▸ **AIM OF THE EXERCISE**:
Leave out the pictures and reproduce all of the data exactly.

▸ **PROVIDED DATA**:
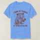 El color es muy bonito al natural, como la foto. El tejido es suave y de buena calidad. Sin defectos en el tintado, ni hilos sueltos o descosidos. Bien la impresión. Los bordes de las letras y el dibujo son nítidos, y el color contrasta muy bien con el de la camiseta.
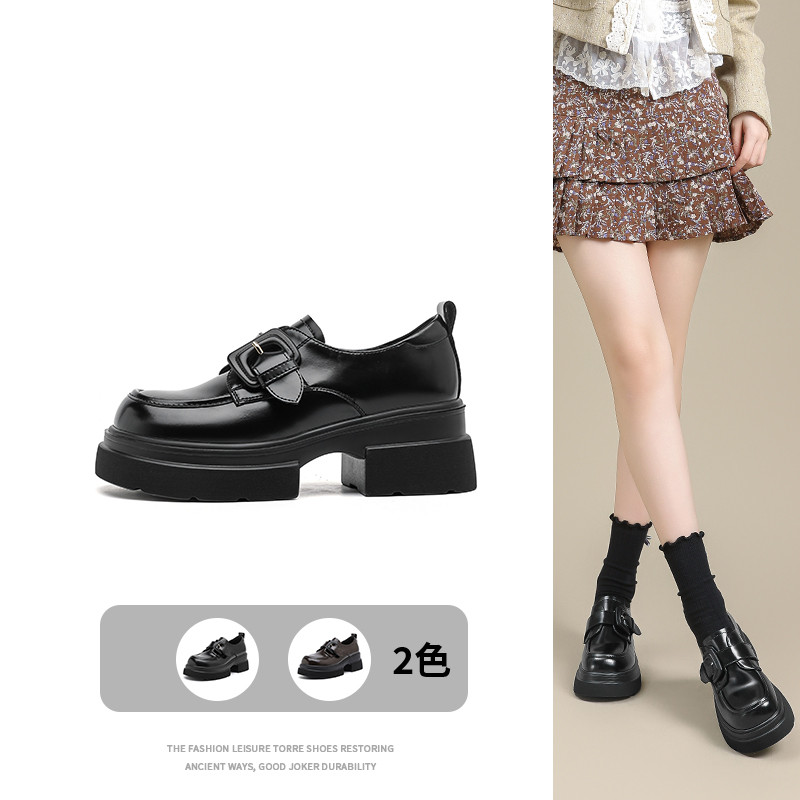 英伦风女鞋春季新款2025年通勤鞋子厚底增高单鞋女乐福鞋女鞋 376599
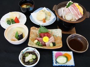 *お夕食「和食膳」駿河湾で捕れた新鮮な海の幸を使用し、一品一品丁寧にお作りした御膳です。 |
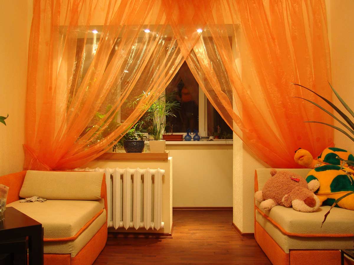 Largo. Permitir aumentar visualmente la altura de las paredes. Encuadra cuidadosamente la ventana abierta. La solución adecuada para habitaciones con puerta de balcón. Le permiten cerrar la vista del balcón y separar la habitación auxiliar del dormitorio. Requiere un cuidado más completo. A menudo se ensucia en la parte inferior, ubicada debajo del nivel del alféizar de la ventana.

▸ **EXERCISE RESPONSE**:
 El color es muy bonito al natural, como la foto. El tejido es suave y de buena calidad. Sin defectos en el tintado, ni hilos sueltos o descosidos. Bien la impresión. Los bordes de las letras y el dibujo son nítidos, y el color contrasta muy bien con el de la camiseta.
 英伦风女鞋春季新款2025年通勤鞋子厚底增高单鞋女乐福鞋女鞋 376599
 *お夕食「和食膳」駿河湾で捕れた新鮮な海の幸を使用し、一品一品丁寧にお作りした御膳です。 |
 Largo. Permitir aumentar visualmente la altura de las paredes. Encuadra cuidadosamente la ventana abierta. La solución adecuada para habitaciones con puerta de balcón. Le permiten cerrar la vista del balcón y separar la habitación auxiliar del dormitorio. Requiere un cuidado más completo. A menudo se ensucia en la parte inferior, ubicada debajo del nivel del alféizar de la ventana.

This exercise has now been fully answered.